• Problem to work on:
In the records below, begin at the line containing "The trauma bag" and end at the line containing "At the 2018"; quote every line in that span exactly, including both boundary lines, and no others.

• Excerpted data:
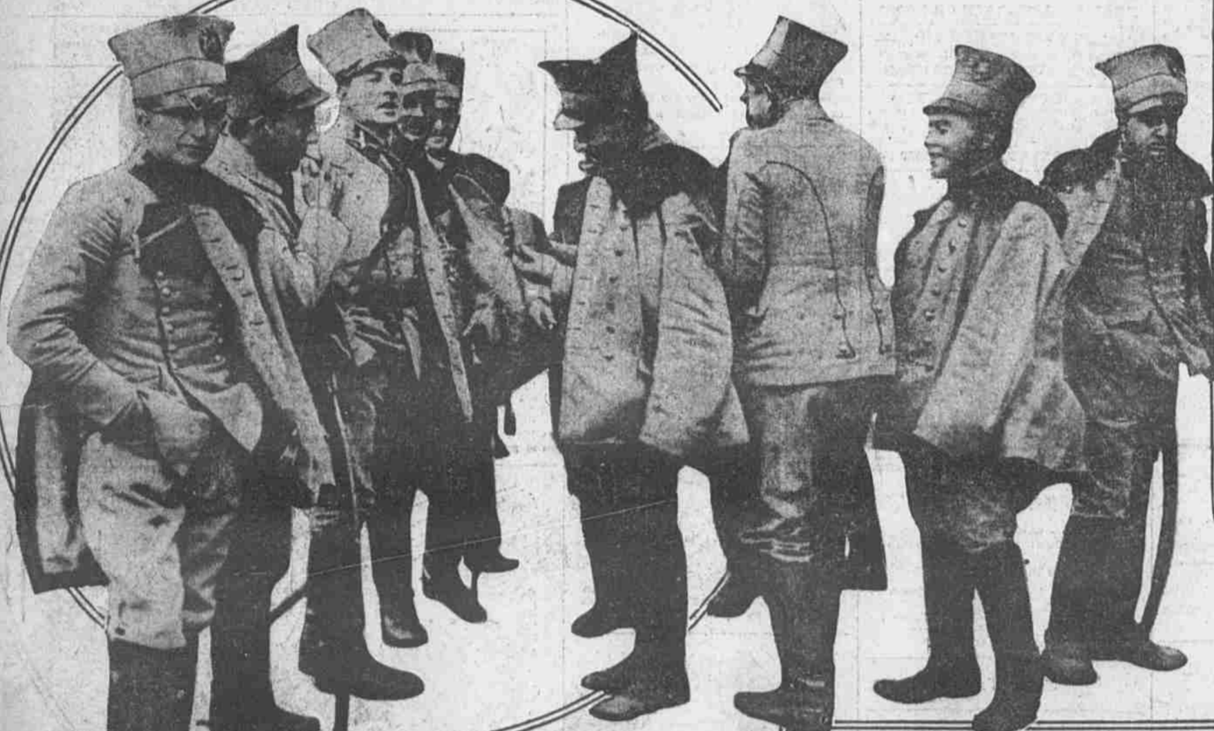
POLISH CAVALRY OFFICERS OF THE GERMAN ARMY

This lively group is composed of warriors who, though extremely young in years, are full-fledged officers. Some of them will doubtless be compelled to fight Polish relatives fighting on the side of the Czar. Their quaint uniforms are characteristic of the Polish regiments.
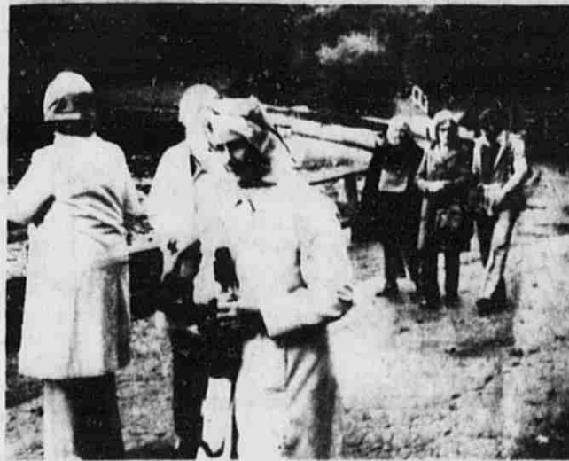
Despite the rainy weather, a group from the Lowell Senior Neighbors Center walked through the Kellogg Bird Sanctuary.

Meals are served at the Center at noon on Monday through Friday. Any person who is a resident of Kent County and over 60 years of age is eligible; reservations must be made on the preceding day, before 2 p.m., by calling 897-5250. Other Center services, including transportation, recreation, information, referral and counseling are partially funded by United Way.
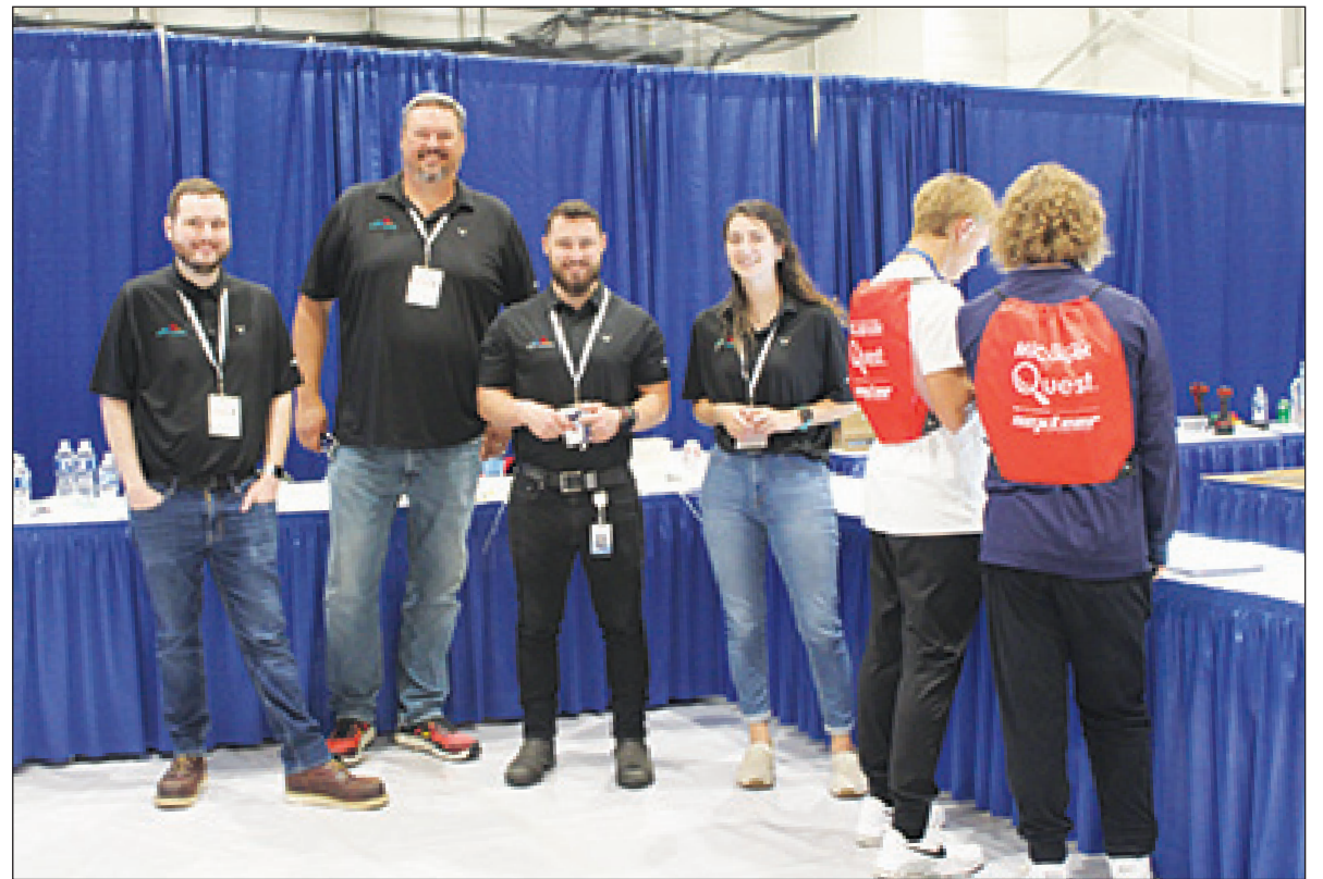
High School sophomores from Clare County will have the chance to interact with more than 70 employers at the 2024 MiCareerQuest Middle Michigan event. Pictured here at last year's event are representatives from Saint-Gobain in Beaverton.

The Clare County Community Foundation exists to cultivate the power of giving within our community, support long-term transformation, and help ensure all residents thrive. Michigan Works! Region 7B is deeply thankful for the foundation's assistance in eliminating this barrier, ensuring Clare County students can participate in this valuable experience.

--

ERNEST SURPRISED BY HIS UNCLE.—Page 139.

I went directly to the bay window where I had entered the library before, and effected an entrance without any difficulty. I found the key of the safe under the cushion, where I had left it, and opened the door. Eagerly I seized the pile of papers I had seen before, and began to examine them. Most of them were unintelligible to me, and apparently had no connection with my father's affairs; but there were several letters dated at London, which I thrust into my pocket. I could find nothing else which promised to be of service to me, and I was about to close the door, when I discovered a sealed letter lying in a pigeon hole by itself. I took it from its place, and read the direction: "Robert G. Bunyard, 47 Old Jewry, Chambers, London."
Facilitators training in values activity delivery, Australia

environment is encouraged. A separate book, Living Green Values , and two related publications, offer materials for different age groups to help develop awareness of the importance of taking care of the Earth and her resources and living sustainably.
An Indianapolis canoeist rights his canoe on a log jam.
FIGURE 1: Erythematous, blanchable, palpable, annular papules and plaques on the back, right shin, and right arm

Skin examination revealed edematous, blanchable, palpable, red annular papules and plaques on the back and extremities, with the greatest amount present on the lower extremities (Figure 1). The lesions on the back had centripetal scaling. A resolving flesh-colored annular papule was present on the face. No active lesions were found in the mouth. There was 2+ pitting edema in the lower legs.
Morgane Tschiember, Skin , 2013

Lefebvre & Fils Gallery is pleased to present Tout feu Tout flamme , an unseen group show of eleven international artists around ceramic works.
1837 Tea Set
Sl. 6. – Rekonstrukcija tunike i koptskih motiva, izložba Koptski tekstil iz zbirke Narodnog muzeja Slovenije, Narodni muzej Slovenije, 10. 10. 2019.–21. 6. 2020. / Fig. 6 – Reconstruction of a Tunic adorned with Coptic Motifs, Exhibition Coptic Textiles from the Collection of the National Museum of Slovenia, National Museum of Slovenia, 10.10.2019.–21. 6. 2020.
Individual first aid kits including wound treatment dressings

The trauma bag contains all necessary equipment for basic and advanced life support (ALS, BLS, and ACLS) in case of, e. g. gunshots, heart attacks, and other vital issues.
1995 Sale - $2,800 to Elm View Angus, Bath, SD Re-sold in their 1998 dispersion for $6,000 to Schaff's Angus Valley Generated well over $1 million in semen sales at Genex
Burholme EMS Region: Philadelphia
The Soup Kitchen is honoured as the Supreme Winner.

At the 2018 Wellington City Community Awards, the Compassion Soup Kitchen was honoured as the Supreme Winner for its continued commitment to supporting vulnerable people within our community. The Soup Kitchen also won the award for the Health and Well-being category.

• Problem solution:
The trauma bag contains all necessary equipment for basic and advanced life support (ALS, BLS, and ACLS) in case of, e. g. gunshots, heart attacks, and other vital issues.
1995 Sale - $2,800 to Elm View Angus, Bath, SD Re-sold in their 1998 dispersion for $6,000 to Schaff's Angus Valley Generated well over $1 million in semen sales at Genex
Burholme EMS Region: Philadelphia
The Soup Kitchen is honoured as the Supreme Winner.

At the 2018 Wellington City Community Awards, the Compassion Soup Kitchen was honoured as the Supreme Winner for its continued commitment to supporting vulnerable people within our community. The Soup Kitchen also won the award for the Health and Well-being category.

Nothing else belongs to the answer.